Orang yang tidak nyaman pada kebimbangan
juga akan susah mengubah keyakinan yang terlanjur mereka pilih, meskipun mereka
tahu itu salah. Mereka tidak ingin kembali masuk ke dalam kebimbangan.
Sekarang, bayangkan sebuah negeri yang
dipenuhi manusia seperti itu. Anda akan segera bisa melihat bahwa
ketidaknyamanan pada ketidakpastian bisa berubah menjadi masalah yang luar
biasa, atau mimpi buruk yang hebat.
Arie Kruglanski memperkenalkan istilah cognitive
closure untuk menjelaskan keingintahuan seseorang untuk mencapai
jawaban tegas atas pertanyaan yang membingungkan dan keengganan berdiam dalam
ambiguitas. Bersama Donna Webster, pada 1994, psikolog sosial ini juga
memperkenalkan cara standar untuk mengukur kebutuhan cognitive closureseseorang.
Para psikolog sering menyebutnya Need for
Cognitive Closure Scale. Dengan menggunakan skala yang sudah
dirancang sedemikian rupa, kita bisa mengukur seberapa tinggi atau rendah
ketidaknyaman seseorang pada kondisi membingungkan.
Orang yang memiliki kebutuhan penutupan
kognitif yang tinggi cenderung mudah memberi penilaian dan mengambil keputusan.

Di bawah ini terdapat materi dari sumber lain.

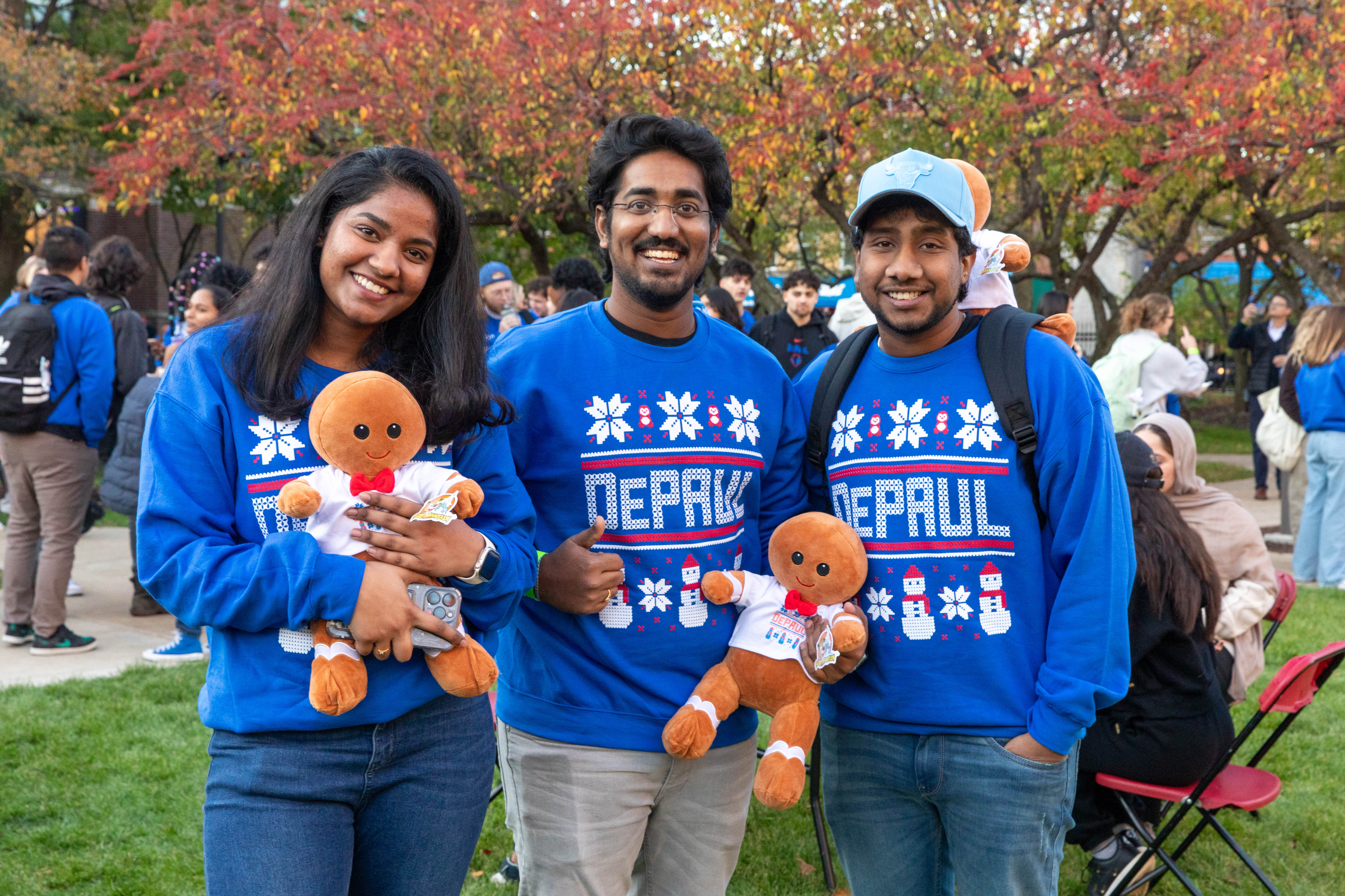 Students show off their new stuffed gingerbread people. (Keeton Holder/DePaul University)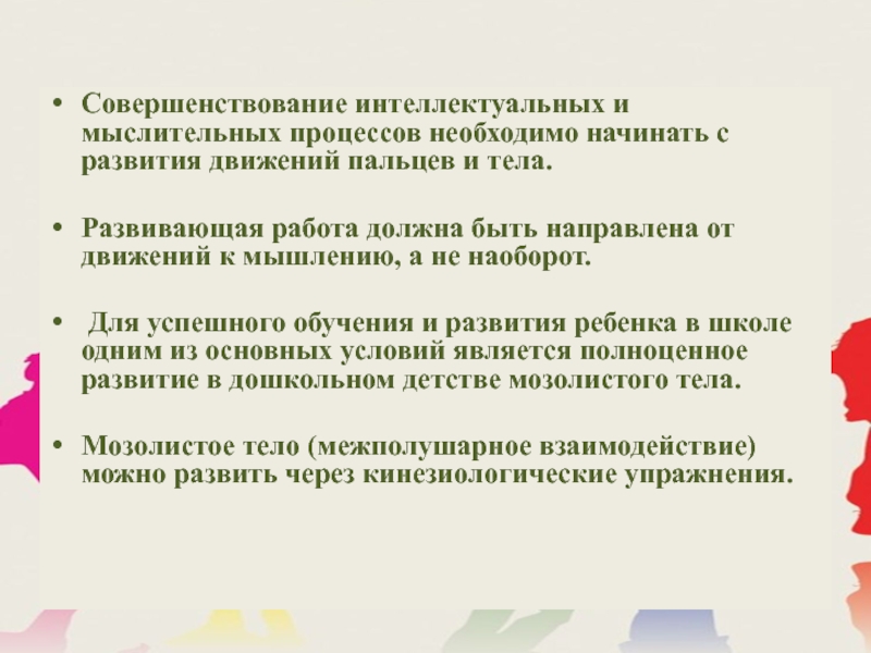 Слайд 27Совершенствование интеллектуальных и мыслительных процессов необходимо начинать с развития движений пальцев

Mereka gampang percaya pada pernyataan orang lain, berpikiran tertutup, dan
sulit menerima pikiran-pikiran baru.
*
Betulkah penyakit pikiran sempit tidak bisa
disembuhkan?
Saya punya kabar baik buat Anda yang merasa
menderita penyakit ini. Beberapa bulan lalu, Creativity Research
Journal memuat hasil penelitian tiga ilmuwan dari University of
Toronto, Kanada, yang dipimpin oleh seorang psikolog, Maja Djiki. Berdasarkan
penelitian mereka, obat penyakit pikiran sempit sesungguhnya murah dan mudah.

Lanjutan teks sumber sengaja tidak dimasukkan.